The Vanuatu Cultural Centre (in Bislama Vanuatu Kaljoral Senta or "VKS"; in French Centre Culturel du Vanuatu), founded in 1955, is the national cultural institution of Vanuatu. It is located in the capital Port Vila.

From 1995 to 2006, the VKS was run by Ralph Regenvanu. From 2007 until his termination in November 2014, Abong Marcelin was director. Ambong Thompson is currently the acting Director.

==The institution==
Describing itself as "an organisation that works to record and promote the diverse cultures" of Vanuatu, the Vanuatu Cultural Centre fulfills the role of a national body for the preservation, protection and promotion of the different aspects of the culture of the archipelago. The Vanuatu Cultural Centre is an umbrella organization which includes :
- The National Museum of Vanuatu
- The National Film and Sound Unit
- The Vanuatu Cultural and Historical Site Survey
- The National Archives
- The National Library
- The Public Library
- The Fieldworkers's Unit
- The Tafea Cultural Centre (Lenakel, Tanna)
- The Malekula Cultural Centre
- VKS E-Press
Its aim is to record and promote the traditional indigenous cultures of Vanuatu in their various aspects - from sand drawing to music, land diving, other "customary practices" and "indigenous knowledge"-, but also the country's "contemporary arts and music".

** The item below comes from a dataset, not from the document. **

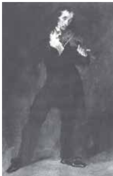
تصویر ۱۰- باگانی، انر اوژن دلاکروا، حدود ۱۸۳۲، رنگ روغن روی مقوا، ۲۸×۴۲ سانتی‌متر، مجموعه فیلیس، واشنگتن

جنبش‌های اجتماعی این عصر سبب دگرگونی در ذهن انسان اروپایی شد. در این مکتب نقاشان کارگاه نقاشی را رها کردند. آنها به طبیعت عشق می‌ورزیدند و براساس عاطفه و ذهن هنرمند رنگ‌ها را تابناک و سرزنده به تصویر می‌کشیدند. موضوعات معمولی و چهره‌های عادی را انتخاب و جایگزین تناسبات رسمی و قراردادی کردند. لازم به ذکر است که اینها همه در عصر «انقلاب صنعتی» یعنی گریز از ماشین و پناه بردن به دامان طبیعت بود. شاخص‌ترین هنرمند رمانتیک دلاکروا ۲ است که دامنه امکانات بیانی این هنر را گسترش فراوان داد. او شیوه رنگ‌پردازی و قلم‌زنی خود را به نقاشان بعدی مخصوصاً به امپرسیونیست‌ها انتقال داد. هنر نقاشی در عصر رمانتی سیسم، بیشتر موضوعات را از ادبیات الهام می‌گرفت. دلاکروا نیز داستان‌های تابلوهایش را عموماً از ادبیات و رخدادهای روزگار خود بر می‌گزید (تصویر ۱۰).

Among its projects is the Oral Traditions Collection Project, started in 1976, which has been described as "without doubt, the Pacific's most successful grassroots cultural documentation program".

The Centre produces radio programmes and videos aimed at cultural promotion, preservation or revival. As of 1996, the centre's collection contained "approximately 2500 hours of audio tape, 2300 hours of video tape, twenty-three hours of 16-millimetre film footage, thirty hours of 8-millimetre film footage, 3000 early (up to 1950s) black-and-white photographs, and around 4000 colour slides, colour negatives and black-and-white negatives". Access to some of this material is restricted, being tabu. Some material may be accessed only by men, some only by women, and some only by members of particular indigenous cultural groups.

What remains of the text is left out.